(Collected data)
[Start of section]

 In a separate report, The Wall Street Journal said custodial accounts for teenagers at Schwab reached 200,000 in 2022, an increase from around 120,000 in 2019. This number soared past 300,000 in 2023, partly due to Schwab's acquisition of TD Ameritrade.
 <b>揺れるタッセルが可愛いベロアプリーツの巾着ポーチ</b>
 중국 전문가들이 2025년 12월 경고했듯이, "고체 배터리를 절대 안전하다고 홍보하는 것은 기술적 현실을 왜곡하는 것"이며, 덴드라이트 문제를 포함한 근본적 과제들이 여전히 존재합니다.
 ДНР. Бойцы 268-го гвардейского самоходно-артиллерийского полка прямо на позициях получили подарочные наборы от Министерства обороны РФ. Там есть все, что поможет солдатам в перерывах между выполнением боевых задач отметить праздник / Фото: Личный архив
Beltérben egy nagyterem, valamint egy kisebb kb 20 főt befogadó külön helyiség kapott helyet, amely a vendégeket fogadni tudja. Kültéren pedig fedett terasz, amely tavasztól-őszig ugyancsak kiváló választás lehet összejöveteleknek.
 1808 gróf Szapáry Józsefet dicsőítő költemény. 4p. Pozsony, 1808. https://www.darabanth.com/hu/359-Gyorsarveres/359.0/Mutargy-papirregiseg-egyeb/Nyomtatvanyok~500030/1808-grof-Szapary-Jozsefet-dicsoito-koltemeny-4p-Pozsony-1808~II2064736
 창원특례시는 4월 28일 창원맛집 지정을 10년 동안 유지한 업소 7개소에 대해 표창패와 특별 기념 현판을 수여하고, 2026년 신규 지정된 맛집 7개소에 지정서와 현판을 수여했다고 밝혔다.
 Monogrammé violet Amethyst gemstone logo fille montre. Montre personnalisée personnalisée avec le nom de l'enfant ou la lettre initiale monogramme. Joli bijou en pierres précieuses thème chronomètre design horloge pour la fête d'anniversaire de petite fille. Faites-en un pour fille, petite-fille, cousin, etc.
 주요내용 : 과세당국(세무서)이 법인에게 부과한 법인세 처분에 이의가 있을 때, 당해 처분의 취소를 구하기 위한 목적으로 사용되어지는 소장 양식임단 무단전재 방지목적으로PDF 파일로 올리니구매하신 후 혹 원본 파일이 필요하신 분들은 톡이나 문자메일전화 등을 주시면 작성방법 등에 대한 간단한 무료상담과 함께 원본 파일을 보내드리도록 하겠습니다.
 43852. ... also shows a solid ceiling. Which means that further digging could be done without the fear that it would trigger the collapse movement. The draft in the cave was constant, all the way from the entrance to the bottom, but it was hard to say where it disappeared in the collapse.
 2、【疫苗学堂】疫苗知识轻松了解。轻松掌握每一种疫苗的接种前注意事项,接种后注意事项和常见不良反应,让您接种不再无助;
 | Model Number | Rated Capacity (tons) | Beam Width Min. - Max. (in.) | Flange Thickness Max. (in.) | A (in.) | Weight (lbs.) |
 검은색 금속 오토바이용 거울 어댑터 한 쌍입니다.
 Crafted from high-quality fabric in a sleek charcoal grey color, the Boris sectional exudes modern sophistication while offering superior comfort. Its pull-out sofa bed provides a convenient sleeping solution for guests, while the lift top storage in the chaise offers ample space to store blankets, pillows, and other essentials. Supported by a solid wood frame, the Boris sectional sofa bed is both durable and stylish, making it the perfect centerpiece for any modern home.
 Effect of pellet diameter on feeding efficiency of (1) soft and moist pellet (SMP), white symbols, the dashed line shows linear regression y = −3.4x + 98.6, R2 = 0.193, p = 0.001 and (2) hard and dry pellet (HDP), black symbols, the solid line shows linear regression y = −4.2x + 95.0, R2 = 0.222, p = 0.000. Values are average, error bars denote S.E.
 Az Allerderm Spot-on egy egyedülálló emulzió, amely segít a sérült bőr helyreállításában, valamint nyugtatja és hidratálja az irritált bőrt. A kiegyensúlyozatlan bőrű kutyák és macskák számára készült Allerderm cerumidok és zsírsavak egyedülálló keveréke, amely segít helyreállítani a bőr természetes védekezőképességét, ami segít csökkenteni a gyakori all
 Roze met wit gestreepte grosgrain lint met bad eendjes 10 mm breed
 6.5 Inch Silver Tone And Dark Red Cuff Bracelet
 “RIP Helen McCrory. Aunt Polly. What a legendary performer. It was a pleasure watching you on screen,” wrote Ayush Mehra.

[End of section]

*About this task*. Could you repeat exactly the lines above from the line with "창원특례시는 4월 28일" up to and including the line with "Az Allerderm Spot-on", and only those?

*Response*.
 창원특례시는 4월 28일 창원맛집 지정을 10년 동안 유지한 업소 7개소에 대해 표창패와 특별 기념 현판을 수여하고, 2026년 신규 지정된 맛집 7개소에 지정서와 현판을 수여했다고 밝혔다.
 Monogrammé violet Amethyst gemstone logo fille montre. Montre personnalisée personnalisée avec le nom de l'enfant ou la lettre initiale monogramme. Joli bijou en pierres précieuses thème chronomètre design horloge pour la fête d'anniversaire de petite fille. Faites-en un pour fille, petite-fille, cousin, etc.
 주요내용 : 과세당국(세무서)이 법인에게 부과한 법인세 처분에 이의가 있을 때, 당해 처분의 취소를 구하기 위한 목적으로 사용되어지는 소장 양식임단 무단전재 방지목적으로PDF 파일로 올리니구매하신 후 혹 원본 파일이 필요하신 분들은 톡이나 문자메일전화 등을 주시면 작성방법 등에 대한 간단한 무료상담과 함께 원본 파일을 보내드리도록 하겠습니다.
 43852. ... also shows a solid ceiling. Which means that further digging could be done without the fear that it would trigger the collapse movement. The draft in the cave was constant, all the way from the entrance to the bottom, but it was hard to say where it disappeared in the collapse.
 2、【疫苗学堂】疫苗知识轻松了解。轻松掌握每一种疫苗的接种前注意事项,接种后注意事项和常见不良反应,让您接种不再无助;
 | Model Number | Rated Capacity (tons) | Beam Width Min. - Max. (in.) | Flange Thickness Max. (in.) | A (in.) | Weight (lbs.) |
 검은색 금속 오토바이용 거울 어댑터 한 쌍입니다.
 Crafted from high-quality fabric in a sleek charcoal grey color, the Boris sectional exudes modern sophistication while offering superior comfort. Its pull-out sofa bed provides a convenient sleeping solution for guests, while the lift top storage in the chaise offers ample space to store blankets, pillows, and other essentials. Supported by a solid wood frame, the Boris sectional sofa bed is both durable and stylish, making it the perfect centerpiece for any modern home.
 Effect of pellet diameter on feeding efficiency of (1) soft and moist pellet (SMP), white symbols, the dashed line shows linear regression y = −3.4x + 98.6, R2 = 0.193, p = 0.001 and (2) hard and dry pellet (HDP), black symbols, the solid line shows linear regression y = −4.2x + 95.0, R2 = 0.222, p = 0.000. Values are average, error bars denote S.E.
 Az Allerderm Spot-on egy egyedülálló emulzió, amely segít a sérült bőr helyreállításában, valamint nyugtatja és hidratálja az irritált bőrt. A kiegyensúlyozatlan bőrű kutyák és macskák számára készült Allerderm cerumidok és zsírsavak egyedülálló keveréke, amely segít helyreállítani a bőr természetes védekezőképességét, ami segít csökkenteni a gyakori all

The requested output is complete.